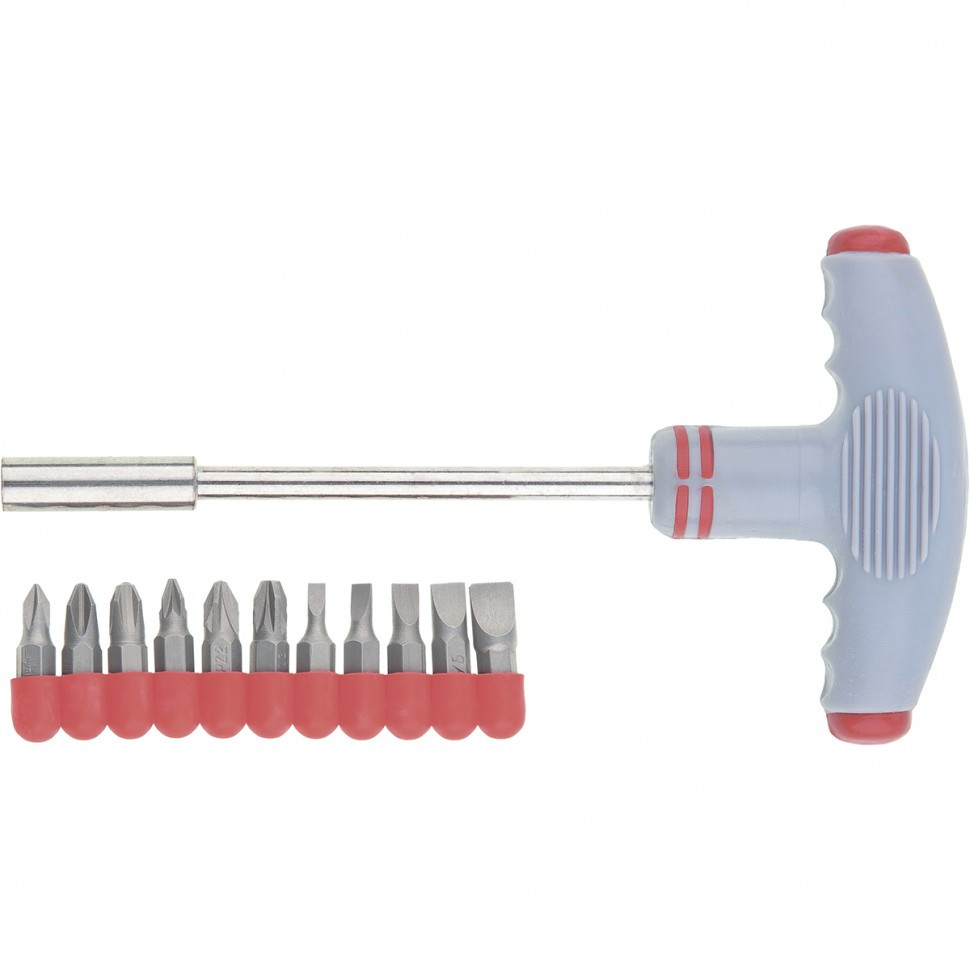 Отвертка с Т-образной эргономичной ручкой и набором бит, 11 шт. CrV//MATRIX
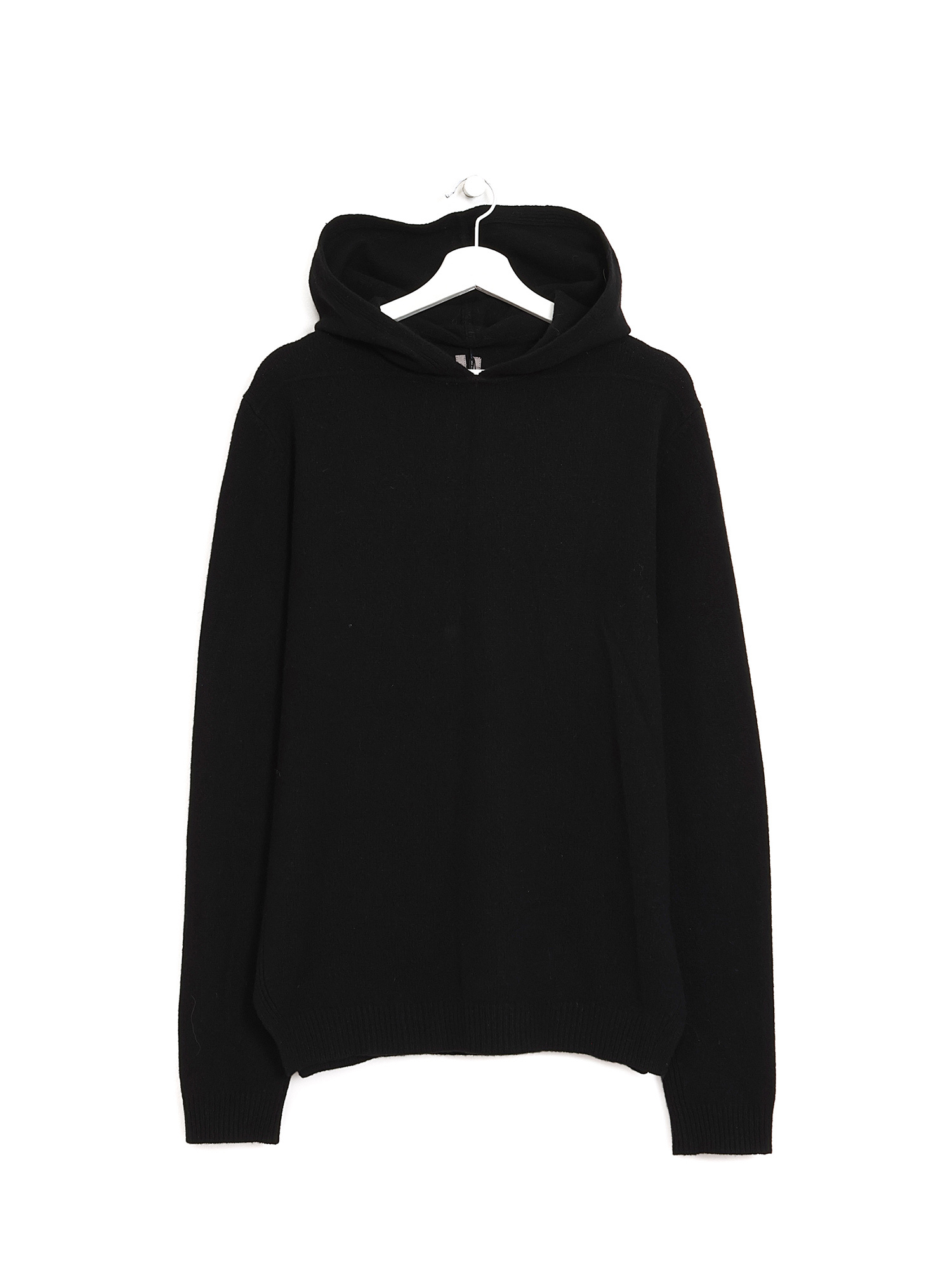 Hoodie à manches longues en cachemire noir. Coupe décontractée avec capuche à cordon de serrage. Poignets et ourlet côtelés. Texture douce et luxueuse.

==

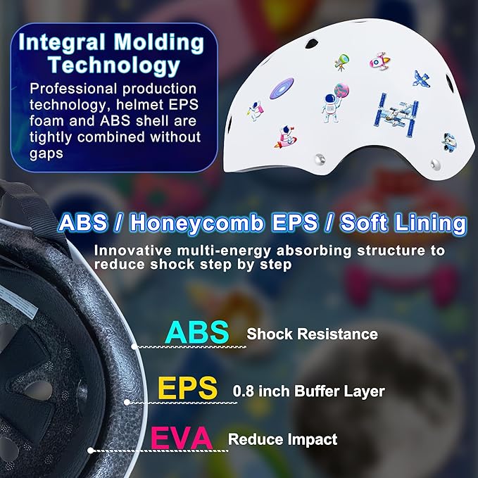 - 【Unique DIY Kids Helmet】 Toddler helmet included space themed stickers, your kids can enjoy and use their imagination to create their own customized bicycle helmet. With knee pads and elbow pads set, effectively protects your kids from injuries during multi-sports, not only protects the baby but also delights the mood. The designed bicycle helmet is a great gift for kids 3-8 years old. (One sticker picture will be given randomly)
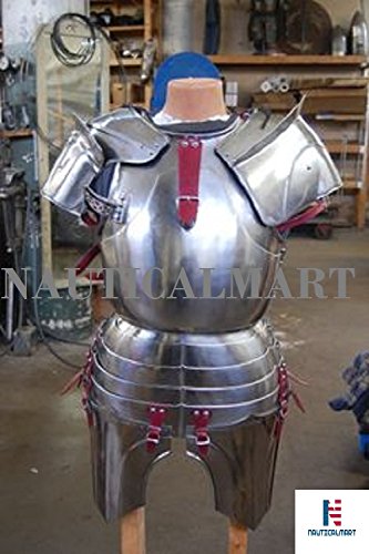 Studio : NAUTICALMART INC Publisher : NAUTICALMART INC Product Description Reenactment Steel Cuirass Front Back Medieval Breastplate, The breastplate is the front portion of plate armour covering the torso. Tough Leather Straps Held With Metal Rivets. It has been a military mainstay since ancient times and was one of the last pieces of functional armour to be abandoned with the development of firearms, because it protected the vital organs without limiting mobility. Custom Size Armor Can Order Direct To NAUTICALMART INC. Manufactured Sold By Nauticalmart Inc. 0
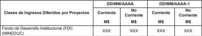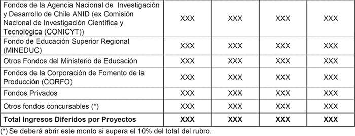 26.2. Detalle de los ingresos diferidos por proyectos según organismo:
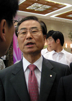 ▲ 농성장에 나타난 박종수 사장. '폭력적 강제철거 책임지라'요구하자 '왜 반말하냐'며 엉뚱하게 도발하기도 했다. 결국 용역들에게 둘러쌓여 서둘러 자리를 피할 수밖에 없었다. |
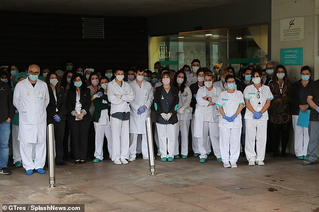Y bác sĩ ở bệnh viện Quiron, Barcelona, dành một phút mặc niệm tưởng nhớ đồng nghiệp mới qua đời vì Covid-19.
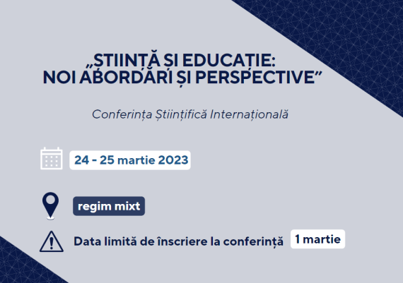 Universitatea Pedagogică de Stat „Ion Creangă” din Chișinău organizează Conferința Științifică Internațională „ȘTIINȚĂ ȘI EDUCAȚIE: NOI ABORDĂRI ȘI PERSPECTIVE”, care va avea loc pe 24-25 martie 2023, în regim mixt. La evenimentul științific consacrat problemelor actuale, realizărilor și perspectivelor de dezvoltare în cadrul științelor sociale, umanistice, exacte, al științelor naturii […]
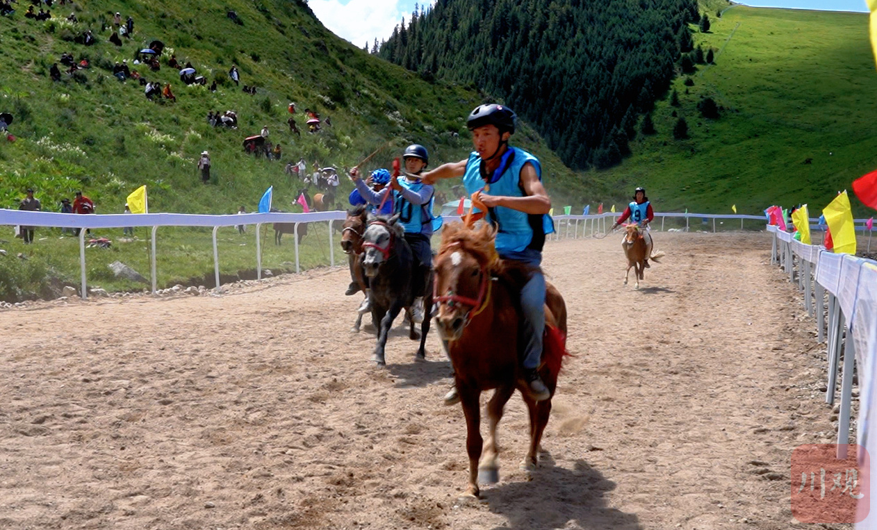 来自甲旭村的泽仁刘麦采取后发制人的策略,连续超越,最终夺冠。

■ **What needs to be done**:
Only one stretch of the listing above is to be duplicated: the lines from the one containing "Universitatea Pedagogică de" through the one containing "来自甲旭村的泽仁刘麦采取后发制人的策略,连续超越,最终夺冠。", both included. Copy them exactly, minus the pictures.

■ **Response below**:
 Universitatea Pedagogică de Stat „Ion Creangă” din Chișinău organizează Conferința Științifică Internațională „ȘTIINȚĂ ȘI EDUCAȚIE: NOI ABORDĂRI ȘI PERSPECTIVE”, care va avea loc pe 24-25 martie 2023, în regim mixt. La evenimentul științific consacrat problemelor actuale, realizărilor și perspectivelor de dezvoltare în cadrul științelor sociale, umanistice, exacte, al științelor naturii […]
 来自甲旭村的泽仁刘麦采取后发制人的策略,连续超越,最终夺冠。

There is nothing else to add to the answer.